◆ WHAT IS BEING ASKED: Reproduce the material below only from the line with "The interior showcases" to the line with "Разноцветные стеклянные блестящие", both included, keeping each line exact and dropping the pictures.

◆ DATA SUPPLIED:

* * * * * * *

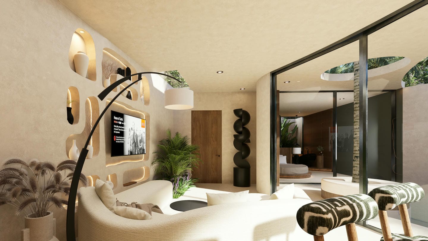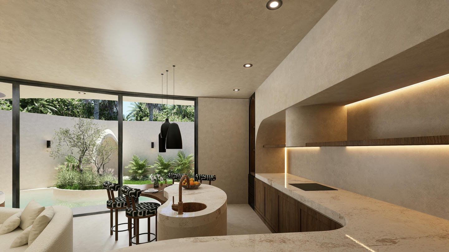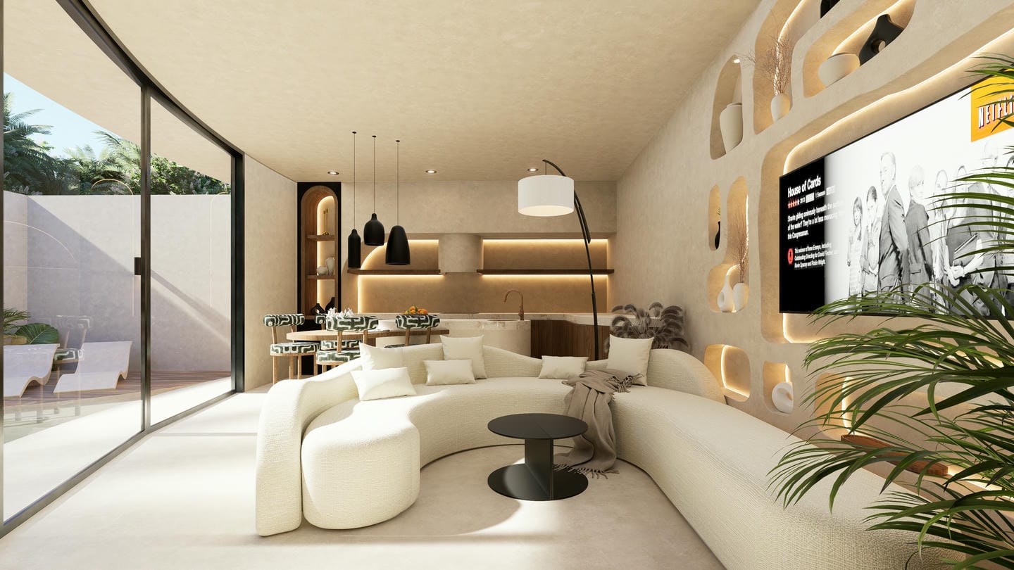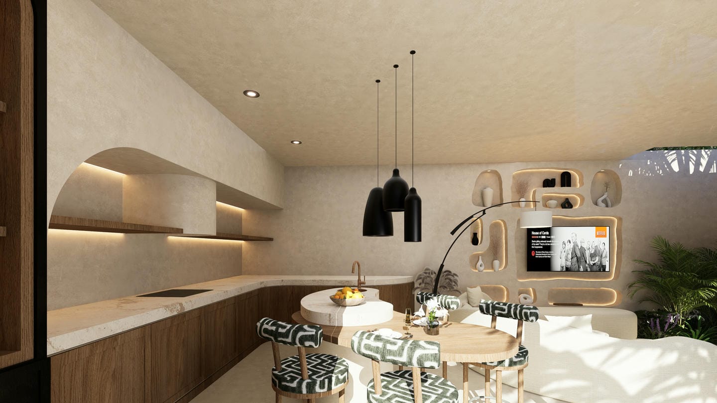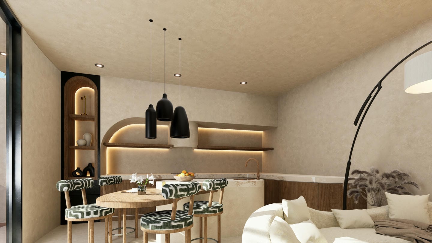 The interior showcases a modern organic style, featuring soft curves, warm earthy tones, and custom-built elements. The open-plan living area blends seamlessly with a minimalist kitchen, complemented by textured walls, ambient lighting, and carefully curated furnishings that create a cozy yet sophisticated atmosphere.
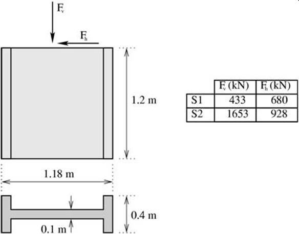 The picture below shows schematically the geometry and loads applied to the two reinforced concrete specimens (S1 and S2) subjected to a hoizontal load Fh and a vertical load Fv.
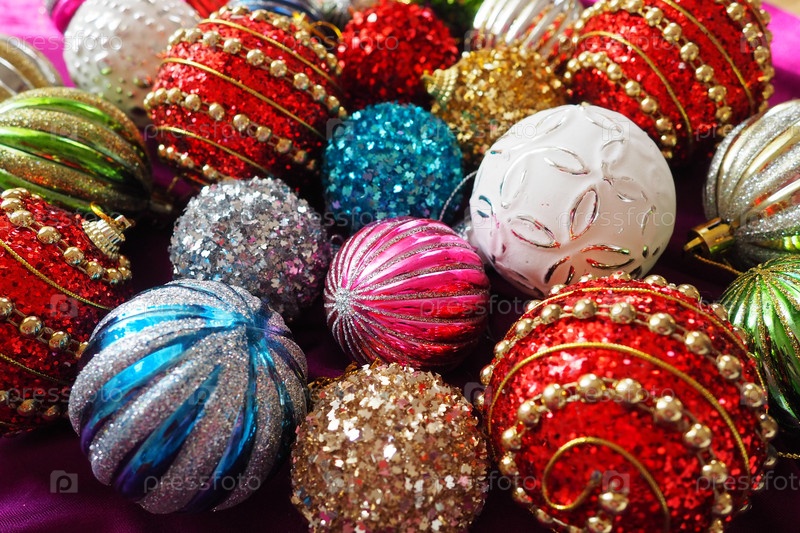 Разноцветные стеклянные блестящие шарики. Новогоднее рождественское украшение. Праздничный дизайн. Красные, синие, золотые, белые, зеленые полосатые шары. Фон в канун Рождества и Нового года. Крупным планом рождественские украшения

* * * * * * *

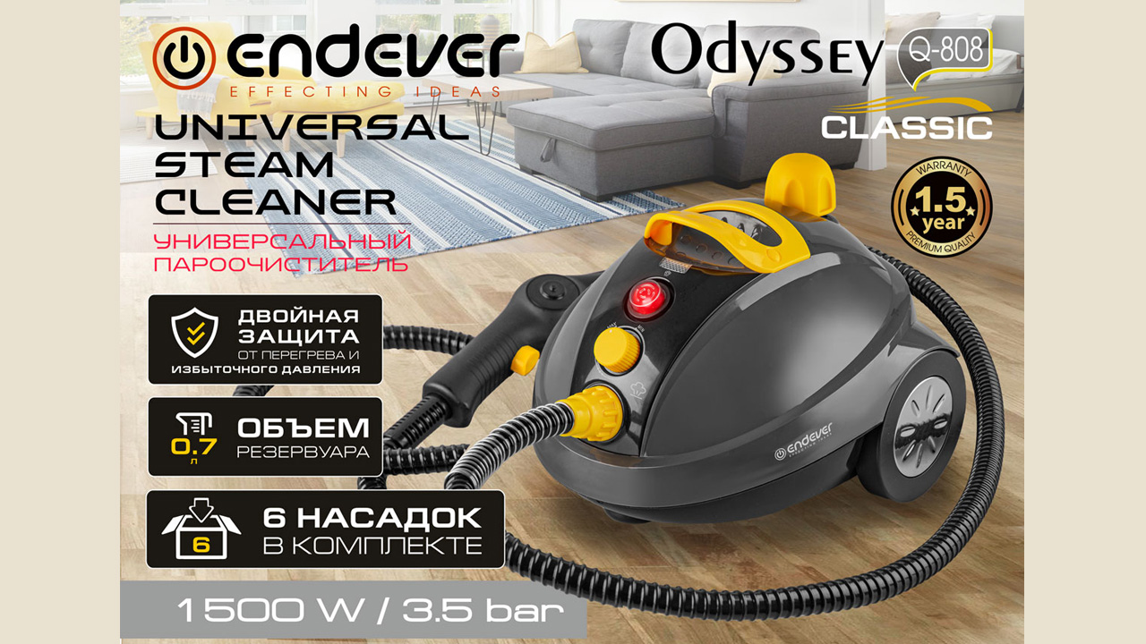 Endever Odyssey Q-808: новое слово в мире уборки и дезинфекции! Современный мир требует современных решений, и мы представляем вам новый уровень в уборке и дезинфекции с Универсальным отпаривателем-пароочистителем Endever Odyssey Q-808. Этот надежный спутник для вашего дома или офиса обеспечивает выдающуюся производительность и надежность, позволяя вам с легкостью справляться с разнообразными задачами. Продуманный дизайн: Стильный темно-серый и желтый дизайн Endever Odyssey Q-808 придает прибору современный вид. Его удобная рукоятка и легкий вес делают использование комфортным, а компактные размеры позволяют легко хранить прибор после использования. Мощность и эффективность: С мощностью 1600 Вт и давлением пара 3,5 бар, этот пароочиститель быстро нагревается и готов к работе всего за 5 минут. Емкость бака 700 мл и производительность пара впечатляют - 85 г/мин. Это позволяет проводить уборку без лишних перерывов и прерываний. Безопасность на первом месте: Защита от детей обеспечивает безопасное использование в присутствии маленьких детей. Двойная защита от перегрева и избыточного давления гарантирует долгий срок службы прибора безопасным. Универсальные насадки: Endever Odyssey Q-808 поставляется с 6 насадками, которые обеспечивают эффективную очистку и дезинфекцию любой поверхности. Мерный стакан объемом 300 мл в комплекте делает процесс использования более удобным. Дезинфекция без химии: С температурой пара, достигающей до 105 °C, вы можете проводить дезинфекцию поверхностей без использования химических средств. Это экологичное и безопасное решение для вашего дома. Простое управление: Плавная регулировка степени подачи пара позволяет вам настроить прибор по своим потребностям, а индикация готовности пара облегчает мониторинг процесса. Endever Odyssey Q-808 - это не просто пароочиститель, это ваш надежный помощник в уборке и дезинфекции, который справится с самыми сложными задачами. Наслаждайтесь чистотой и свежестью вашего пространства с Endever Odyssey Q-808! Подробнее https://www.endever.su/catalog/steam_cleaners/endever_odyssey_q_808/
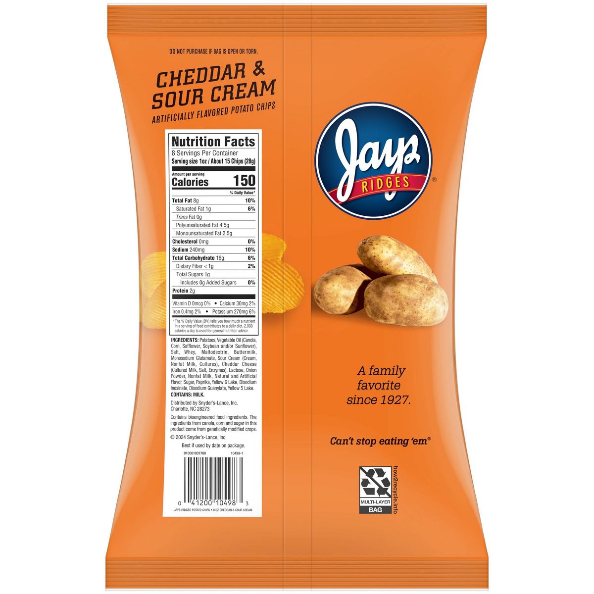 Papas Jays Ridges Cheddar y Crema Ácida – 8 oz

* * * * * * *

◆ FINISHED TASK:
 The interior showcases a modern organic style, featuring soft curves, warm earthy tones, and custom-built elements. The open-plan living area blends seamlessly with a minimalist kitchen, complemented by textured walls, ambient lighting, and carefully curated furnishings that create a cozy yet sophisticated atmosphere.
 The picture below shows schematically the geometry and loads applied to the two reinforced concrete specimens (S1 and S2) subjected to a hoizontal load Fh and a vertical load Fv.
 Разноцветные стеклянные блестящие шарики. Новогоднее рождественское украшение. Праздничный дизайн. Красные, синие, золотые, белые, зеленые полосатые шары. Фон в канун Рождества и Нового года. Крупным планом рождественские украшения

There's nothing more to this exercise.